Granger’s power-sharing proposal was a last ditch effort to hold on to power. It was never taken seriously even by his own supporters because they knew that it implied that the PNC/R had lost the elections. If the PNC/R had won the elections, why then would it desire to share power with the PPP/C when it did not do so in the preceding five years.
The Zimbabwe model could never work in Guyana. The international community would have none of it. They saw with their own eyes, the blatant attempt at rigging.
In the case of Zimbabwe, South Africa had played a key role in brokering the power-sharing agreement. The PNC/R may have been hoping that after the Recount, Caricom would have played a similar role.
But the leaders of the CARICOM were fearful of the bug of rigged elections reaching their soil and so they opted to ask for a recount and to go no further than demanding that the results of the Recount be respected as representing the democratic will of the people.
During the Recount process, the dishonesty of the PNC/R was blatant. It obfuscated the process to the point where the Caricom team which scrutinized the Recount described it as a fishing expedition. The conditions therefore never existed for any form of power-sharing because there was compelling evidence that the PNC/R had lost the elections and was attempting to steal victory.
The PPP/C knew that it had won the elections; the international community knew this. The PPP/C was never going to enter into any power-sharing deal with a party which was seeking to compromise GECOM officials and to use the Courts to frustrate a declaration of the elections results.
In summary, therefore a number of factors militated against a Zimbabwe-styled arrangement. First, there was no question in the minds of the international community that the elections were free and fair and that it was only the tabulation process, which was flawed. This was unlike in Zimbabwe where the ruling party had lost its majority and the opposition had pulled out of the Presidential run-off. No such problems existed in Guyana.
Second, there was an electoral crisis and not a political crisis. The vast majority of supporters of both parties would have known who won the elections and the PNC/R could not get people in the streets to force a political crisis which could have forced power-sharing.
Third, Caricom opted to work within a democratic framework. It was never going to be lured into playing the role of a power-sharing broker. When the Caricom team which scrutinized the elections gave its report about the Recount, it was the final nail in the PNC/R coffin. The PNC/R had no footing to press for shared governance or new elections.
The PNC/R engaged in large-scale electoral theft and it was exposed in front of the eyes of the whole world.
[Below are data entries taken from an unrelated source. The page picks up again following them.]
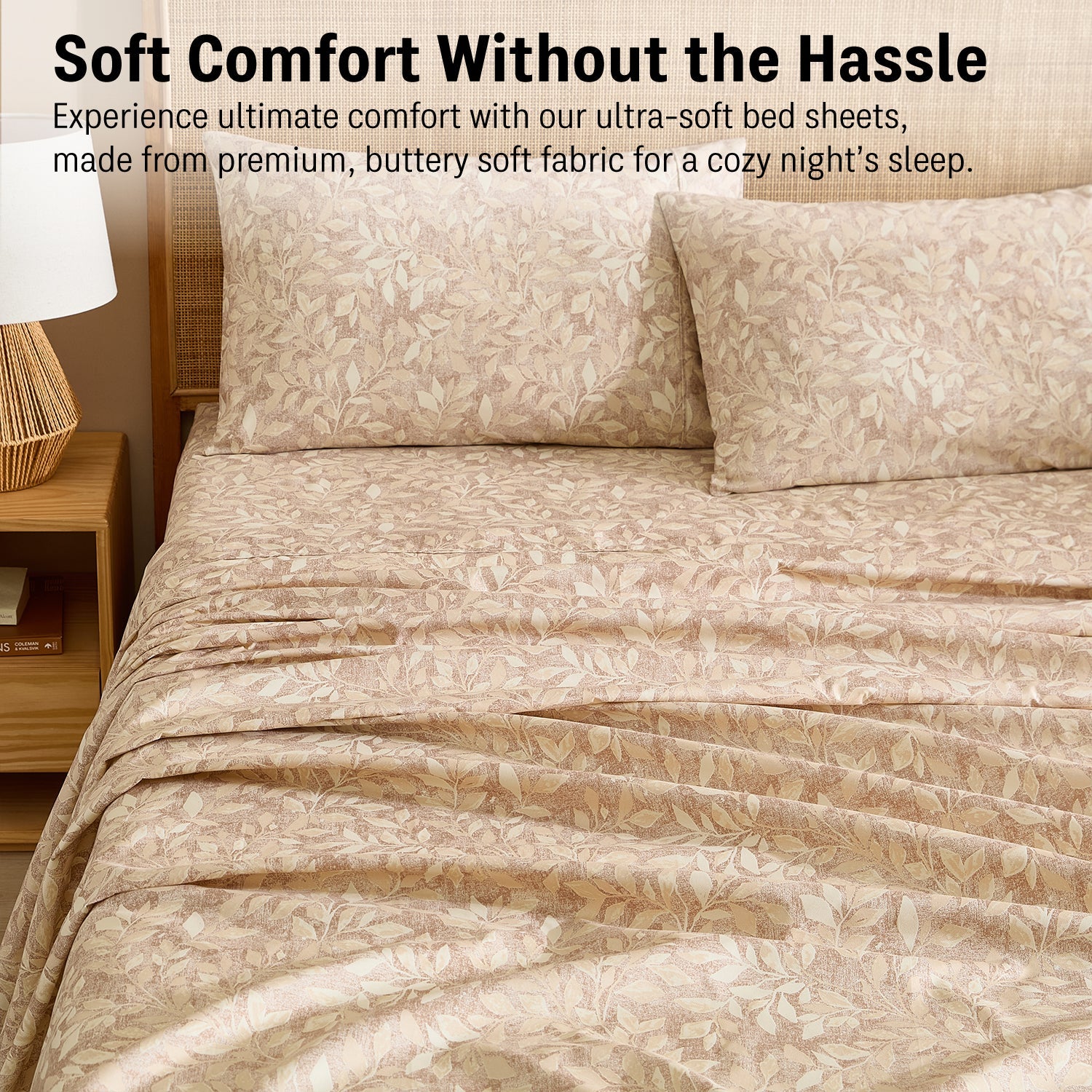 Experience the ultimate in comfort with our double brushed microfiber fabric, which ensures a silky-smooth feel against your skin. These sheets are designed to be wrinkle-resistant, so they look pretty and fresh straight out of the dryer. The deep pockets can accommodate mattresses up to 15 inches deep, providing a snug fit that stays securely in place throughout the night.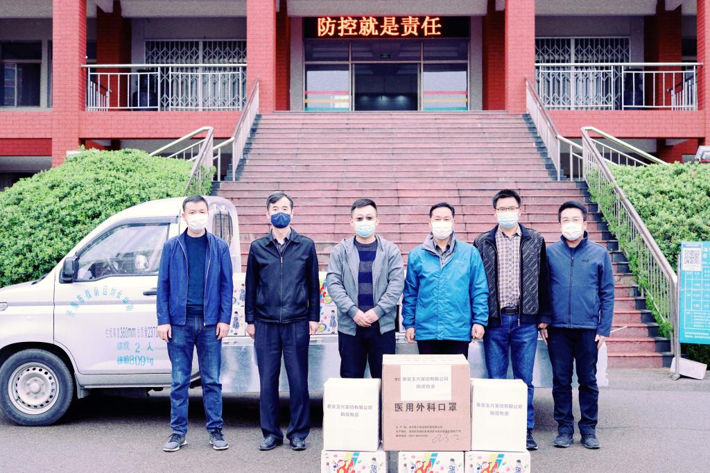 4月2日上午,泰安玉兴家纺有限公司负责人冒雨来到财神体育(CSsports)泰安校区,向泰安校区捐赠了防护服30套、医用外科口罩2000个、84消毒液50箱等共计一万余元的疫情防控物资。校区管委副主任方亨福代表校区接受捐赠,对公司的爱心捐赠表示衷心感谢。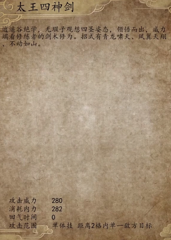 最后推荐“太王四神剑”,这是逍遥谷的绝学,融合了多种精妙的招式,280的威力加上不俗的攻击防卫能让你在初期展现出强劲的压制力。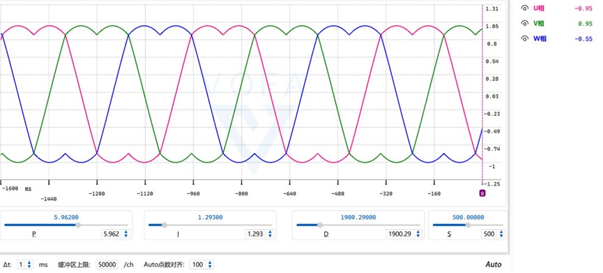 这里因为是开环控制,所以没法闭环Ud。将Ud设置为0,Ud设置为满幅值,即可得到上面的波形。控制Uq的大小,只需要对波形整体做高度上的缩放即可。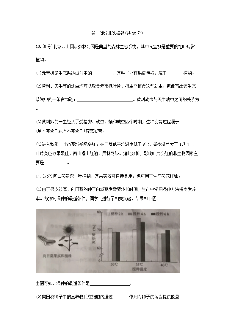 【文档名称】 2018年北京崇文中考生物真题及答案(Word版).doc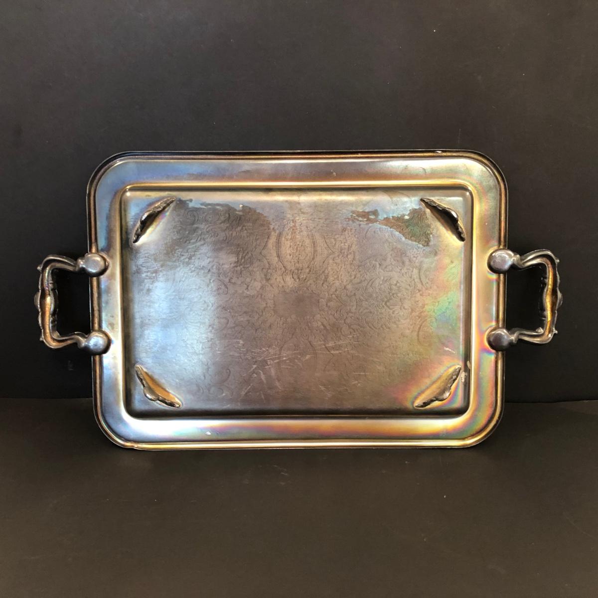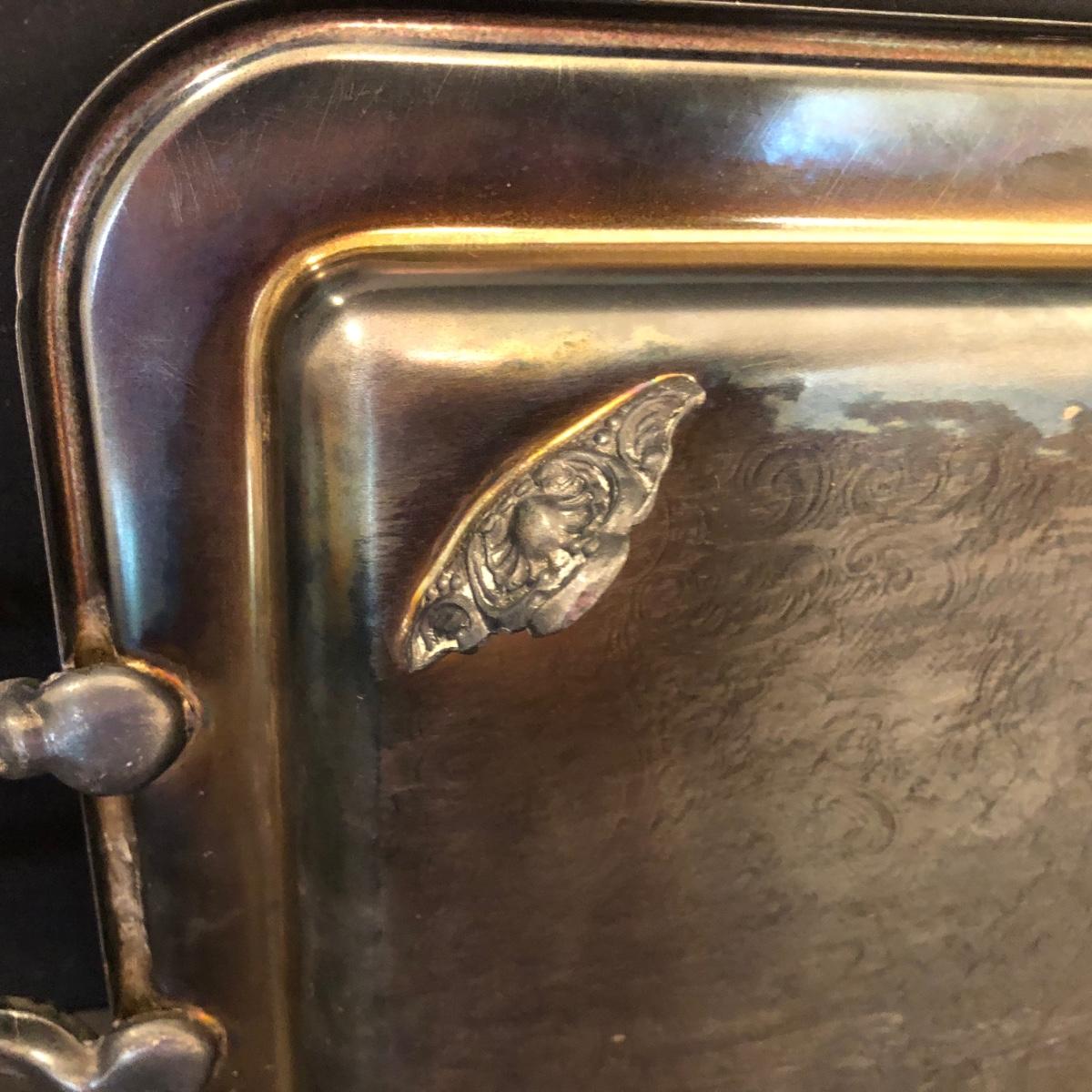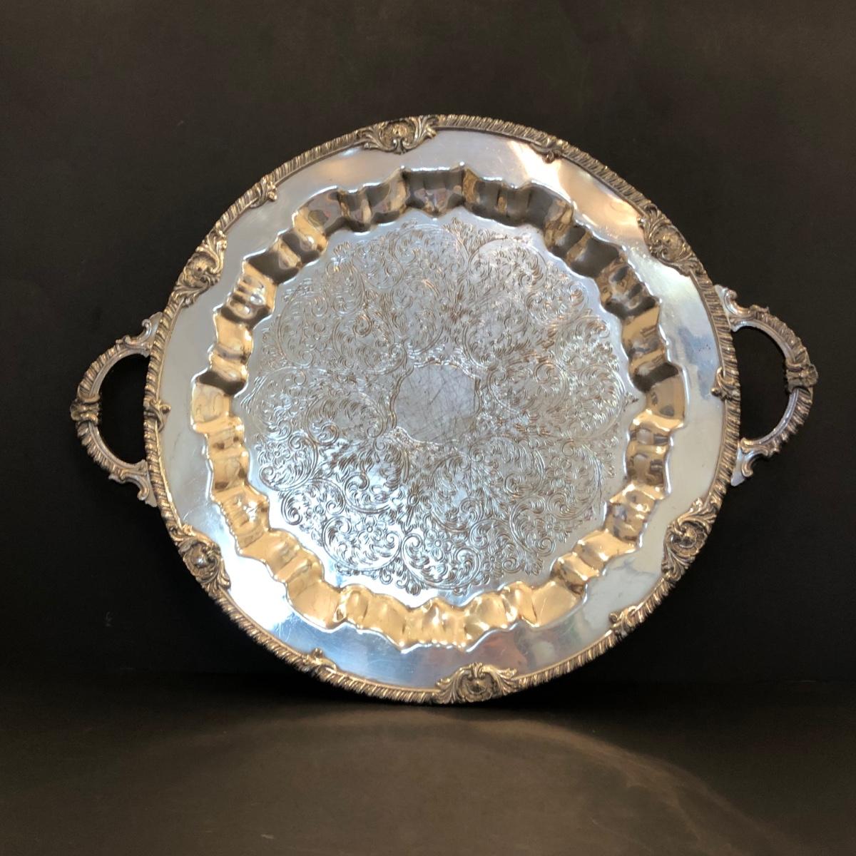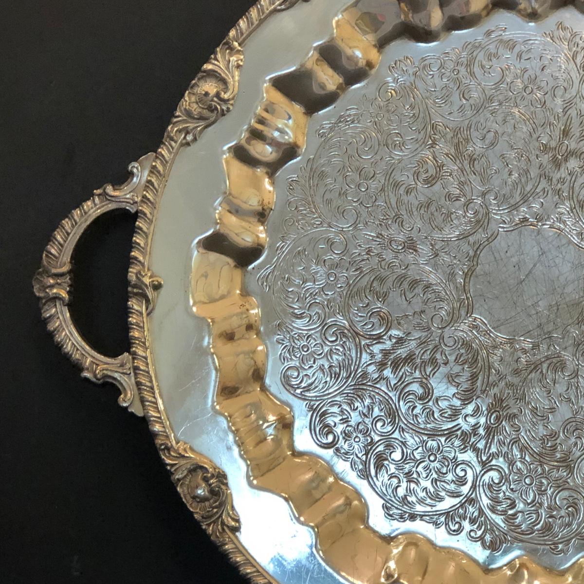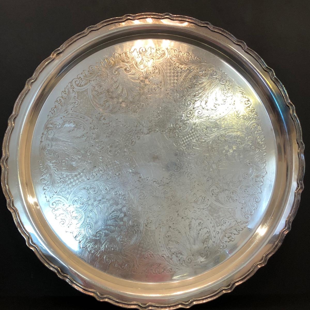 LOT 104M: Coronet Silver on Copper Platter & Silver Plate Serving Collection

It brought shame and disgrace to the country and its people. Two Caribbean leaders headed observer missions of Guyana and what they had to say was not complimentary of the leadership of the country during the elections. It is doubtful whether that leadership would ever be successful in having an audience ever again with any Caribbean leaders. Those Caribbean Heads would not want to be seen associating with electoral fraudsters.
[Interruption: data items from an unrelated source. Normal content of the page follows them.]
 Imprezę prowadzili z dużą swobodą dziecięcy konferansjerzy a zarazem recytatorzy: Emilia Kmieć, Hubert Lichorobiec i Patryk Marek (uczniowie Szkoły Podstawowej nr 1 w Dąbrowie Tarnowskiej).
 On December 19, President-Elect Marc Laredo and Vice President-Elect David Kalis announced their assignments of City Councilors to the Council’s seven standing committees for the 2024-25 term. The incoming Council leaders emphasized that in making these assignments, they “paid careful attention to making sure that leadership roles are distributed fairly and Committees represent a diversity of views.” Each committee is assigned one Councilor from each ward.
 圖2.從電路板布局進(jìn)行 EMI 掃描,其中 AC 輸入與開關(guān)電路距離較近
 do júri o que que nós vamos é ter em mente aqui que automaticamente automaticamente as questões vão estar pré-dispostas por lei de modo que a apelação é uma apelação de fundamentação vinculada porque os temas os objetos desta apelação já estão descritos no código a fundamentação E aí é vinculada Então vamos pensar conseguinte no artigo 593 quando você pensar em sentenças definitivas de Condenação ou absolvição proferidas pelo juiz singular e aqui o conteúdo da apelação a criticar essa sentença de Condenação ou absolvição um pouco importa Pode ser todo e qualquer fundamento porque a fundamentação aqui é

Those who were complicit in the rigging of elections or who refused to condemn such attempts, should have been put out to pasture. They should have brought the curtains down on their political careers but they have refused to do so.
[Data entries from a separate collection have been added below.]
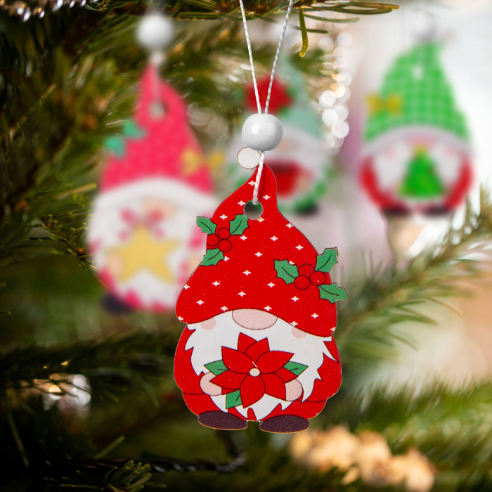 Set de decoratiuni pentru brad din lemn. Creeaza o atmosfera confortabila si împodobeste-ti bradul de Craciun cu ornamente din materiale naturale. Pictate, în total 12, figurine spiridusi scandinavi într-un singur pachet.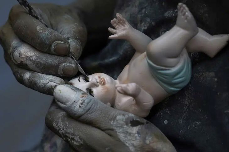 Maximino ha terminado los ojos del niño de María y ahora se concentra en las cejas. Tan pronto se seque la pintura, la estatuilla que está en sus manos podrá volver a casa como un bebé sano, sonriente y cachetón.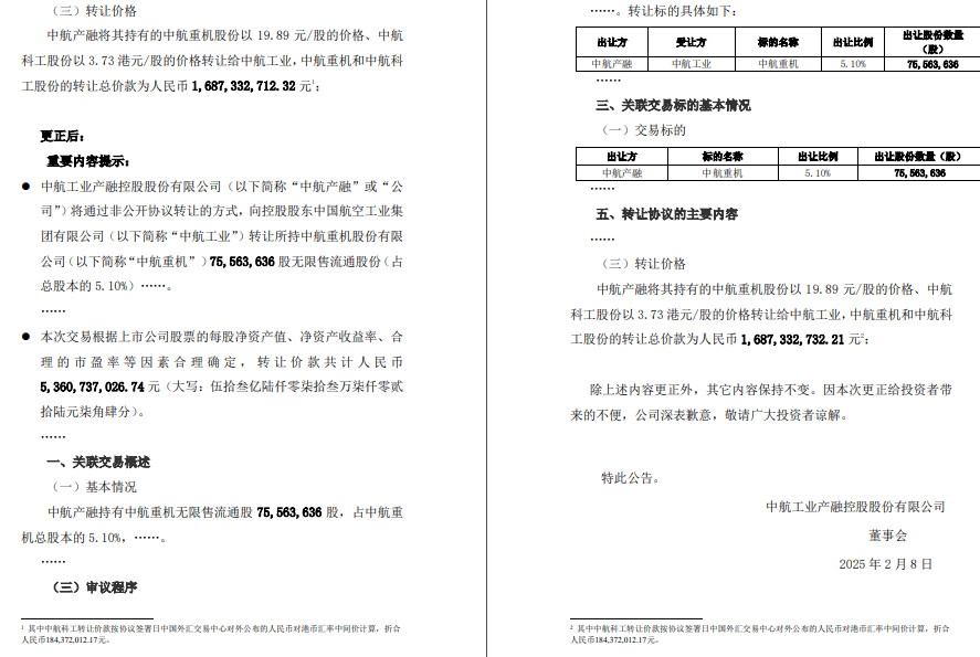 中航工业产融控股股份无限公司(中航产融”)于2025年1月17日披露了《中航工业产融控股股份无限公司关于公司及子公司拟和谈让渡股票暨联系关系买卖的通知布告》(通知布告编号:临2025-003)。颠末后审查,原通知布告中披露的公司所持有的中航沉机股份数,对计数法则理解误差导致存正在1股的尾数差别,现将上述通知布告中的部门内容更正如下!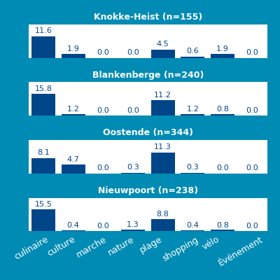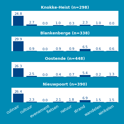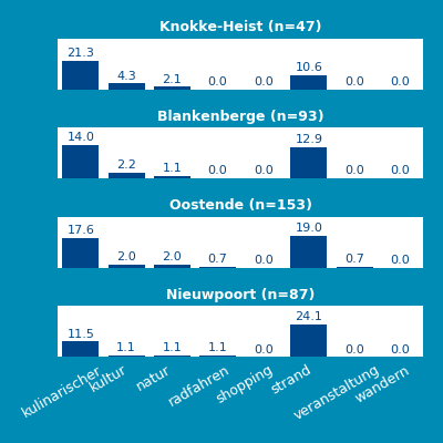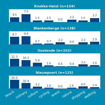 Gasten schrijven in hun reviews niet alleen hun mening over het betreffende bedrijf, maar in veel gevallen ook over activiteiten die in de regio zijn ondernomen. Dit geeft informatie over waarom gasten naar een bestemming komen. In deze analyse is gekeken naar de onderwerpen waar gasten over schrijven en dan specifiek naar onderwerpen die niet zozeer over het bedrijf zelf gaan, maar vooral over de activiteiten die gasten hebben ondernomen. Deze onderwerpen hebben we gevonden door middel van ‘concepten’. Zo’n concept is een verzameling van woorden die over een bepaalde activiteit gaan. Zo is er het concept ‘fietsen’ waarin we o.a. kijken naar woorden als ‘fietsen’, ‘fiets’, ‘fietser’ en ‘fietsroute’. In onderstaande diagrammen wordt getoond in welk percentage van alle reviews een bepaald concept, en daarmee dus een activiteit, is genoemd. Daarbij worden verschillende bestemmingen in deze regio met elkaar vergeleken. 'N' staat hierbij voor het aantal reviews waarop de analyse gebaseerd is.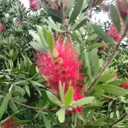 红千层是桃金娘科红千层属的常绿小乔木植物。红千层树皮坚硬,灰褐色,嫩枝有棱,初时有长丝毛,…

It takes a special kind of backwardness to believe that in this modern era, you could get away with rigging an election and then turning around and changing the narrative to one in which you were cheated.
Whoever advised the PNC/R that it could get away with its attempt at rigging the elections or force power-sharing, as was the case in Zimbabwe, gave them the wrong advice. The two situations were never alike.
(The views expressed in this article are those of the author and do not necessarily reflect the opinions of this newspaper.)